Maxian stalked through the darkness, his hollow cheeks puddles of shadow. Abdmachus drifted behind him, his clothing stripped down to a pair of trousers and sandals. Sweat slicked his skin, muddying the tracery of inked symbols that covered the little sorcerer’s body. The roaring fire of the forges and crucibles gleamed off Maxian’s face, highlighting his nose and cheekbones. The noise was so great from the hammers and spitting cauldrons that a man could barely hear himself think. Around the Prince, dozens of men in heavy leather aprons labored, their muscled bodies slick with sweat. The air was thick, charged with fumes and vapors. Maxian climbed a stairway of stone to a platform that rose from one side of the great chamber.

Below him he could see the whole floor of the ironworks. A great apparatus was rising amid the open space between the rows of forges and pits of molten iron. Sparks showered from hammers bent to the task of welding iron to iron. Men carefully raised the bones of a great skeleton high, helped by a dizzying array of winches and pulleys that were suspended from a ceiling lost in smoke and fumes. The outline of vast jagged wings arched over the chamber, high above, even Maxian as he stood on the platform, feeling the roar of noise beat on him like the ocean tide. His eyes gleamed in the ruddy light.

Ah, Aurelian, he mused, you would love these works more than any man…

“You have done well, my friend,” Maxian said, turning a little toward the Persian.

Abdmachus bowed and then met the Roman’s eyes. The little sorcerer’s face split with a grin. This construction was his greatest work. Maxian smiled back, pleased that his friend had found a true purpose at last. Without him and his skills, this effort would be impossible.

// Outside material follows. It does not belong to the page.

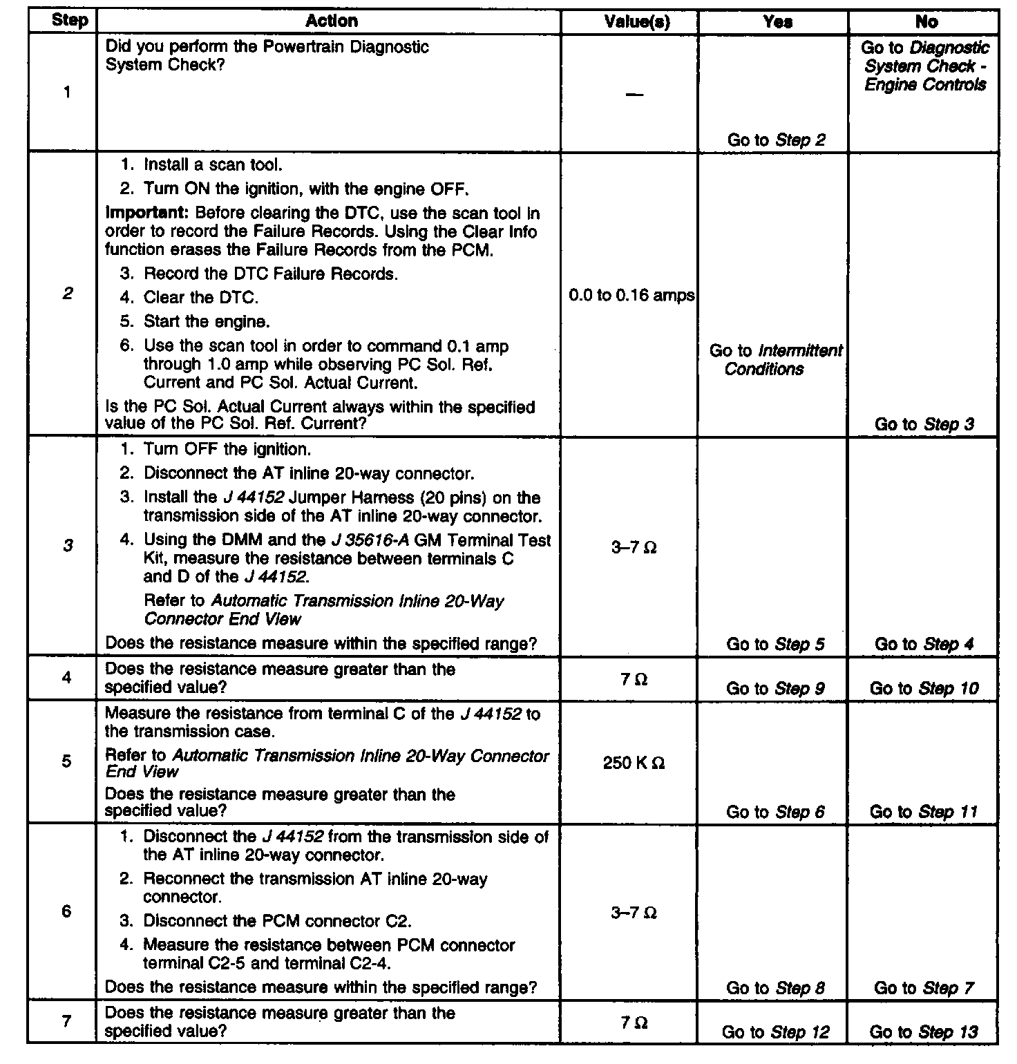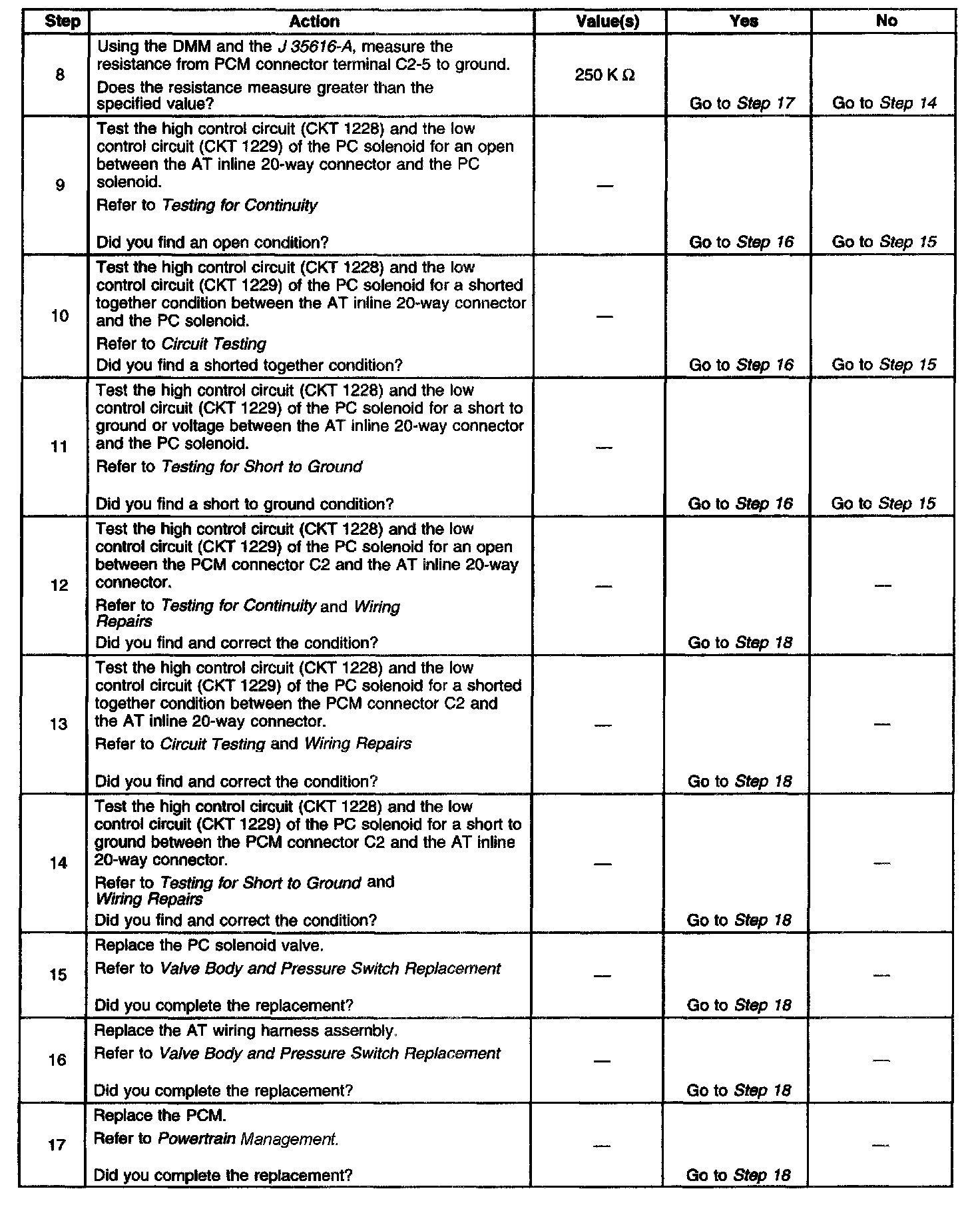 3. This step tests the PC solenoid valve and automatic transmission (AT) wiring harness assembly for incorrect resistance.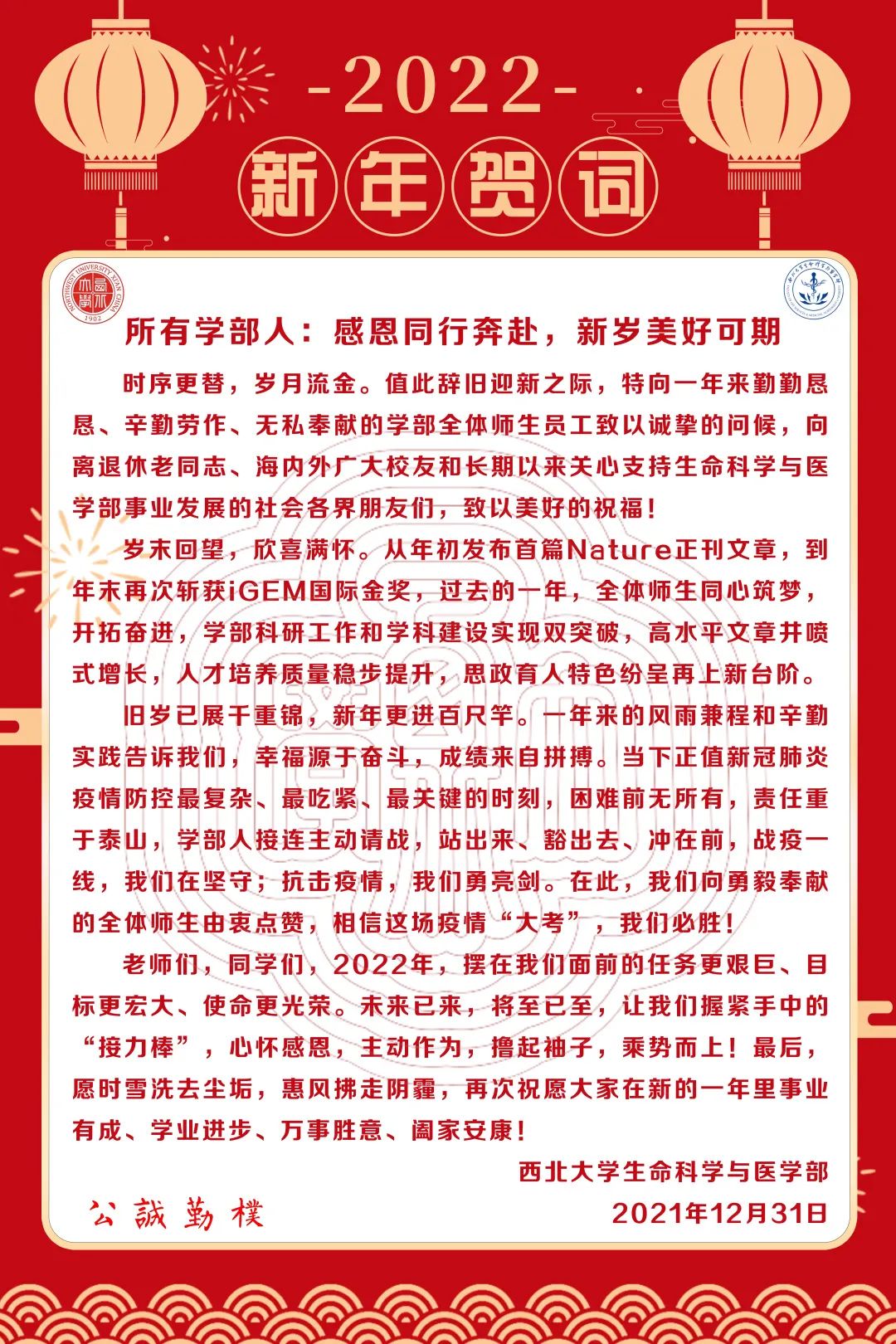 生命科学与医学部2022年新年贺词

The men on the floor did not look up, though they felt the gaze of their master upon them. The Prince looked up into the face of the creature, cruel and fanged, enormous, a tilted head with a long snout and deep-set eyes.

Soon, the Prince thought, you will live.

The great head, wider than a man was tall, gazed back at him, soulless, eyeless, only pits of darkness lit with flames. Maxian turned and stepped through a heavy circular door raised up on hinges of dark corroded iron. Beyond the portal the noise ceased, becoming only a dull background rumble of hammers, and gears and spitting metal fire. Abdmachus wiped his brow and then stepped lightly down the stairs. Work was beginning on one of the wing joints, and it needed his delicate hand at the casting.

Krista was waiting in the room of documents, her long hair tied back behind her head, though it flared out first and then spilled over her shoulders. She wore a smock stained with dark pinpoints and a blousy shirt with heavy sleeves that were tied back from her wrists. There was a smudge of sooty ink on the side of her nose. Maxian’s ears ware still ringing from the cacophony of the forge. Her lips moved, but he could not hear anything for a moment.